- _INFORMATION SHOWN_
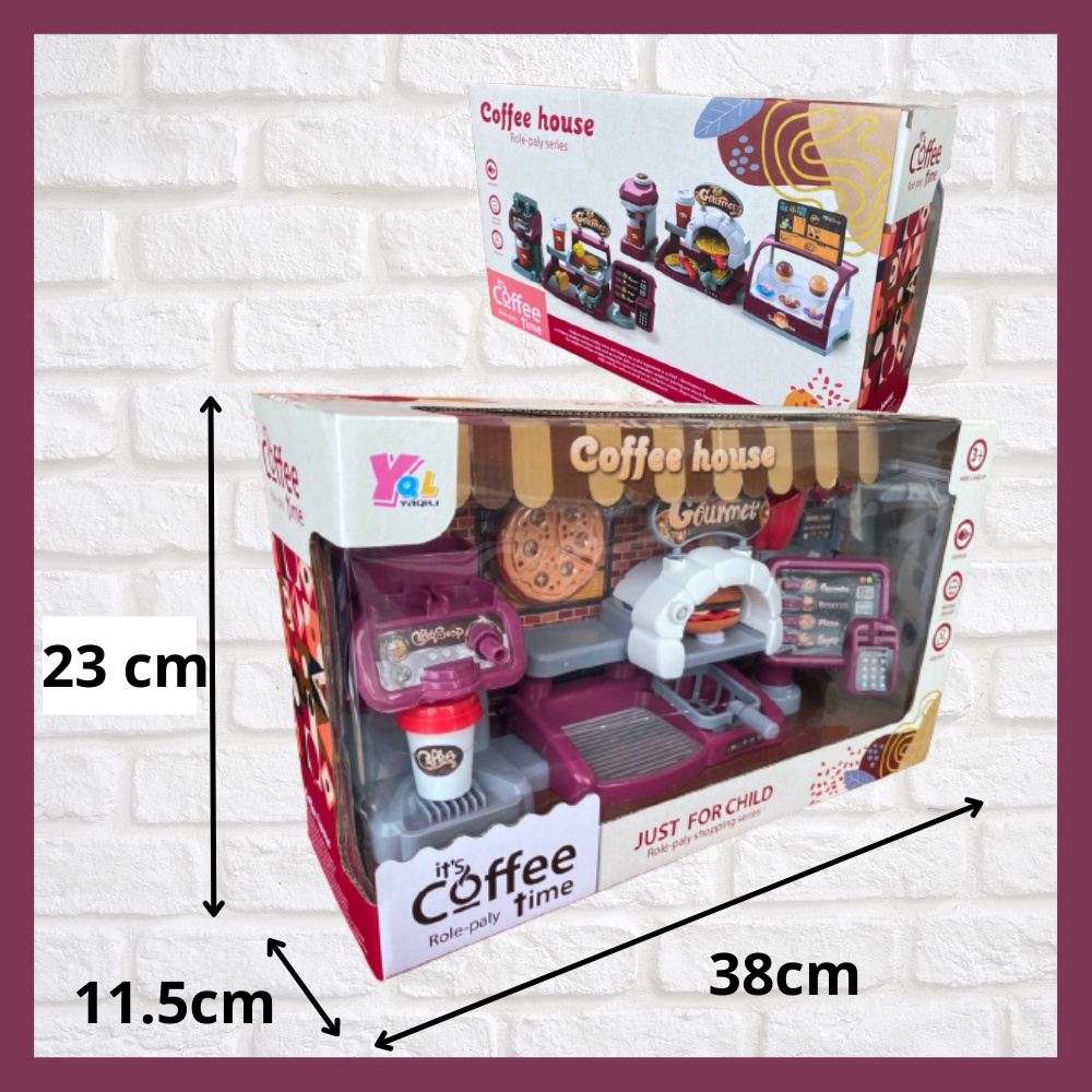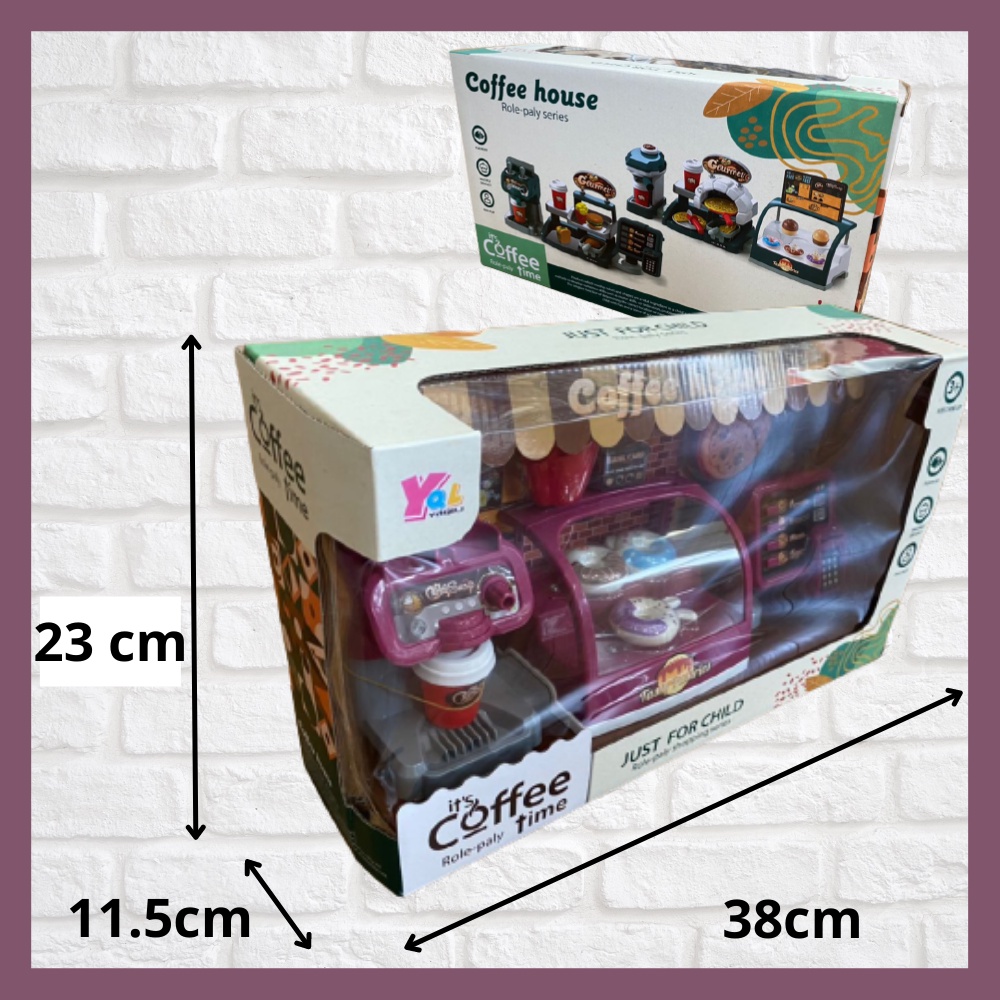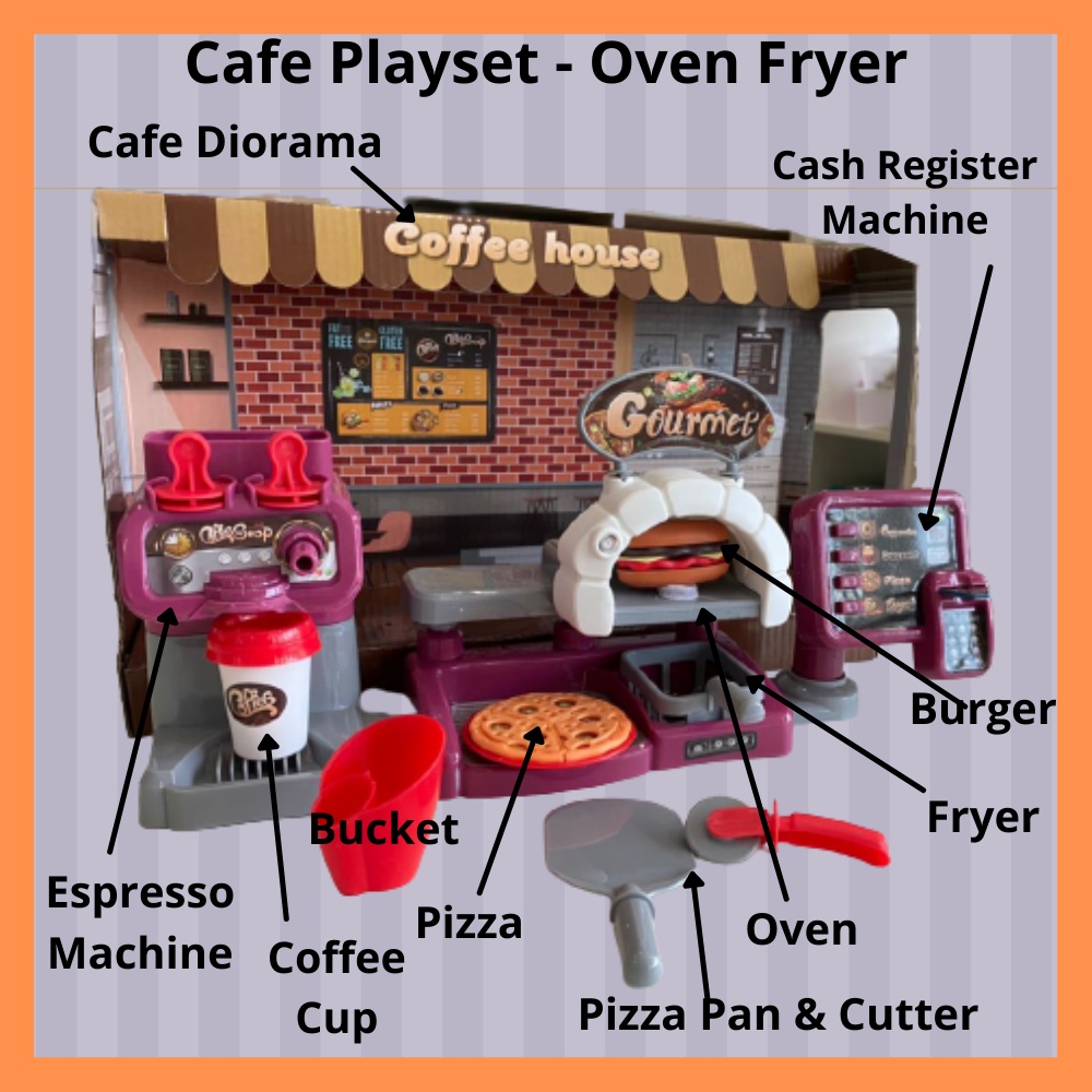 Pretend Play Coffee Shop Cafe Cashier Toy with Coffee Machine Dessert Cake Donuts Countertop Pizza Oven Permainan Masak
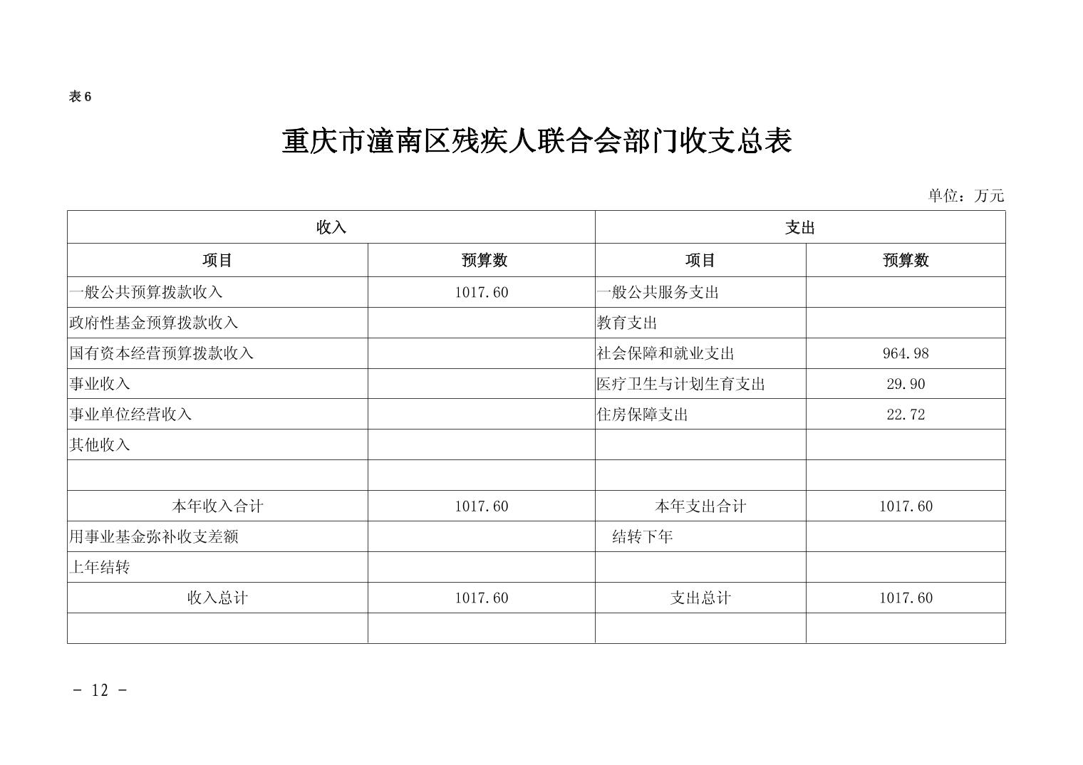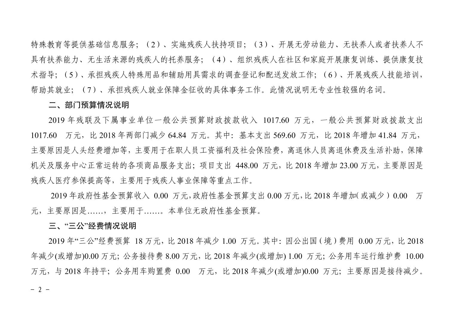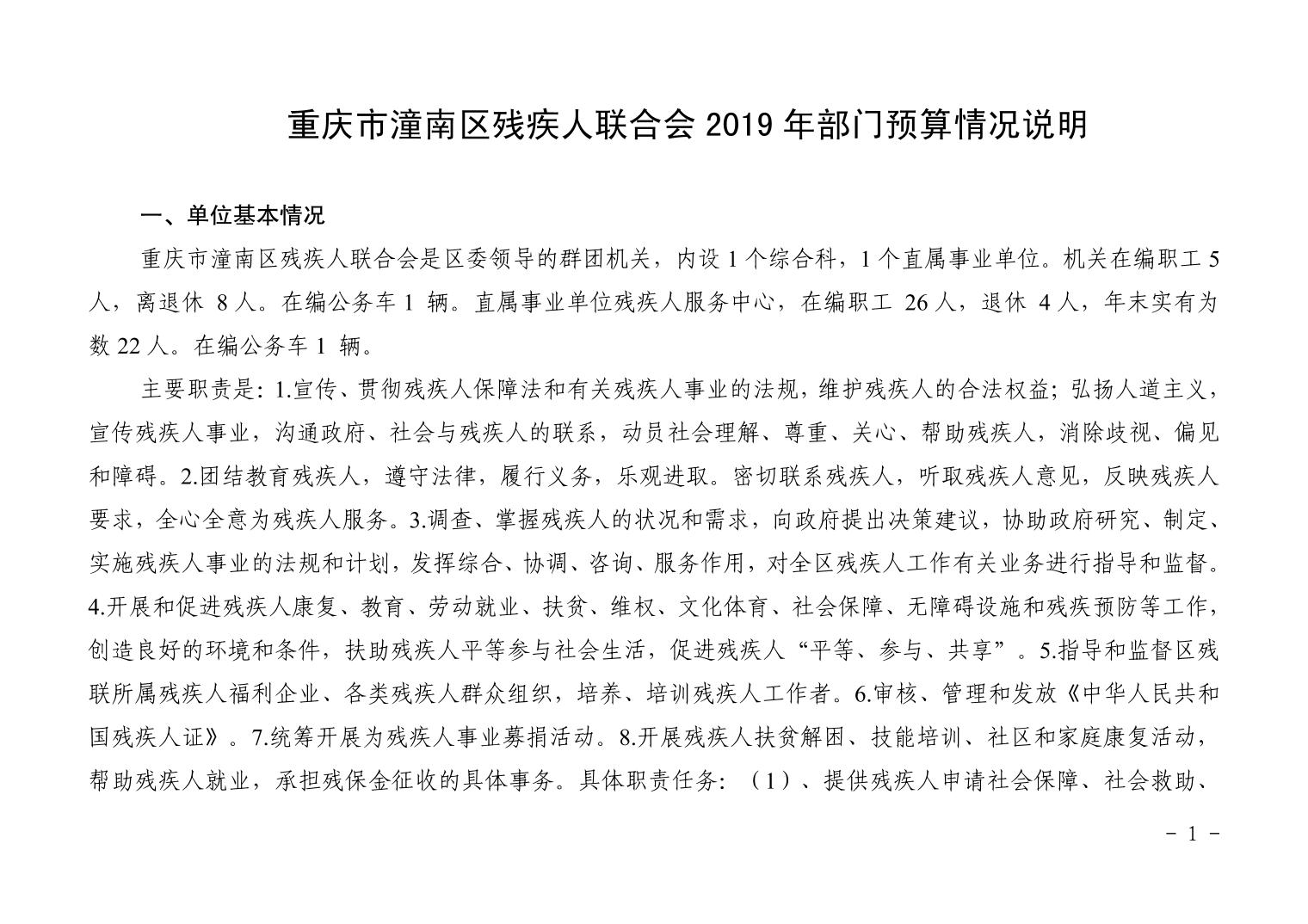 重庆市潼南区残疾人联合会2019年部门预算公开
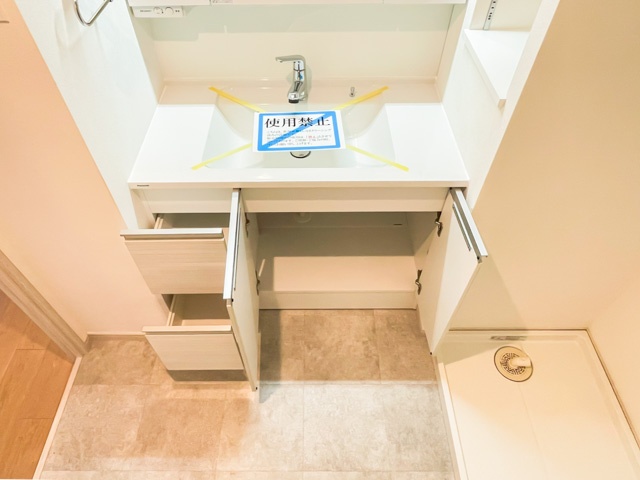 洗面台周りは大小様々な収納があり、整理整頓がはかどることでしょう。また、幅にも余裕があり、洗面ボウルも大きめ。使いやすさが見てとれますね。
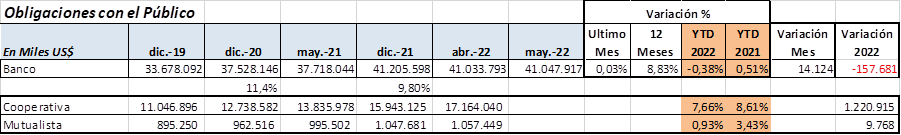 Los depósitos presentaron leve crecimiento de US$ 14 millones en Mayo 2022, manteniéndose en mismo nivel de abril, su saldo actual US$ 41,048 millones en Bancos, su variación en los últimos 12 meses es positiva 8.83%. En estos primeros 5 meses de 2022, se observa reducción de US$ 158 millones que representa -0.38%, mientras que en mismo periodo de año anterior crecieron 0.5%.
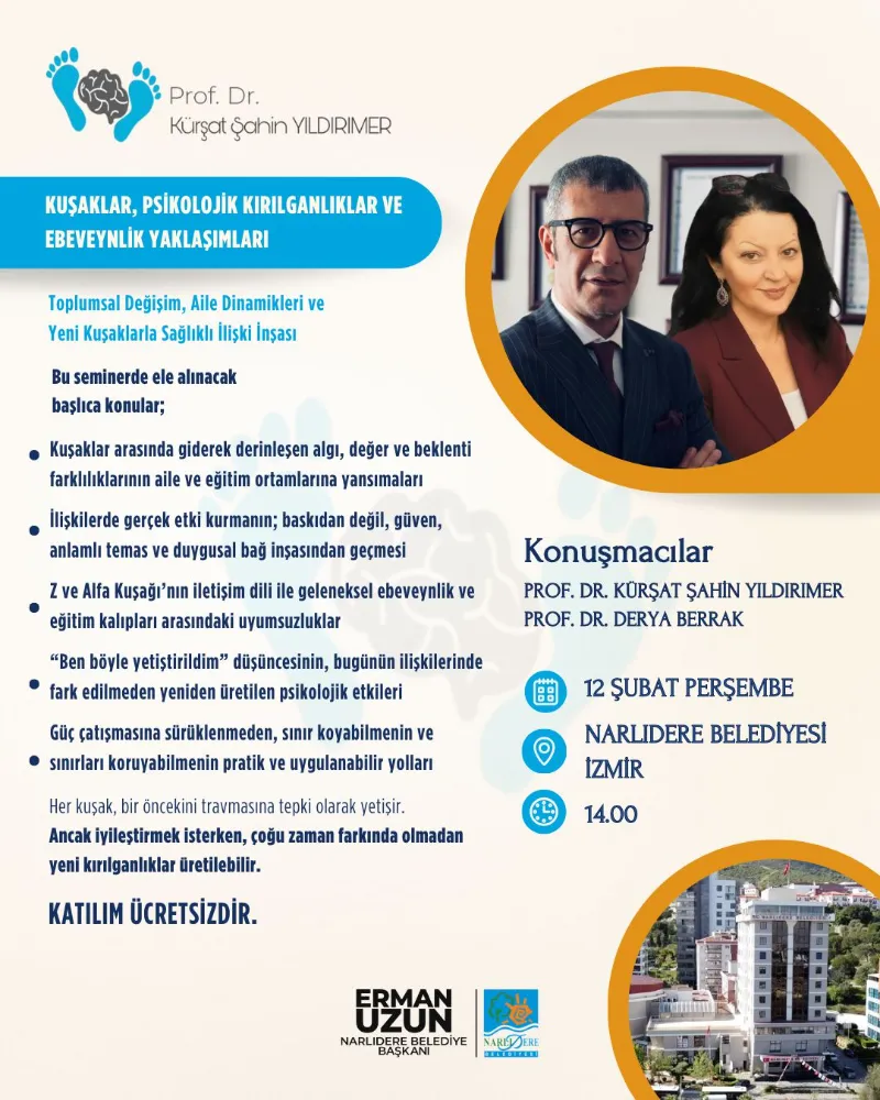 Narlıdere Belediyesi’nin katkıları ve Narlıdere Belediye Başkanı Erman Uzun’un destekleriyle, “Kuşaklar, Psikolojik Kırılganlıklar ve Ebeveynlik Yaklaşımları” başlıklı seminer, Narlıdere’de gerçekleştirilecek.
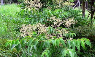 秋から冬にかけて、長い間、黒い光沢のある種子を覗かせた赤い果実が目立ちます。
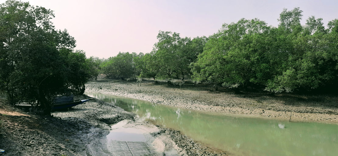 Mangrove forests and swampy terrain just flanked by a man-made dam/embankment which is behind the photographer. Due to the impact of the dam and the daily tidal shifts, the flow of water to this side is restricted

- _TASK REQUIREMENTS_
Exact copy, pictures excluded: from the line with "重庆市潼南区残疾人联合会2019年部门预算公开" up to and including the line with "Los depósitos presentaron" in the data above.

- _YOUR RESPONSE_
 重庆市潼南区残疾人联合会2019年部门预算公开
 洗面台周りは大小様々な収納があり、整理整頓がはかどることでしょう。また、幅にも余裕があり、洗面ボウルも大きめ。使いやすさが見てとれますね。
 Los depósitos presentaron leve crecimiento de US$ 14 millones en Mayo 2022, manteniéndose en mismo nivel de abril, su saldo actual US$ 41,048 millones en Bancos, su variación en los últimos 12 meses es positiva 8.83%. En estos primeros 5 meses de 2022, se observa reducción de US$ 158 millones que representa -0.38%, mientras que en mismo periodo de año anterior crecieron 0.5%.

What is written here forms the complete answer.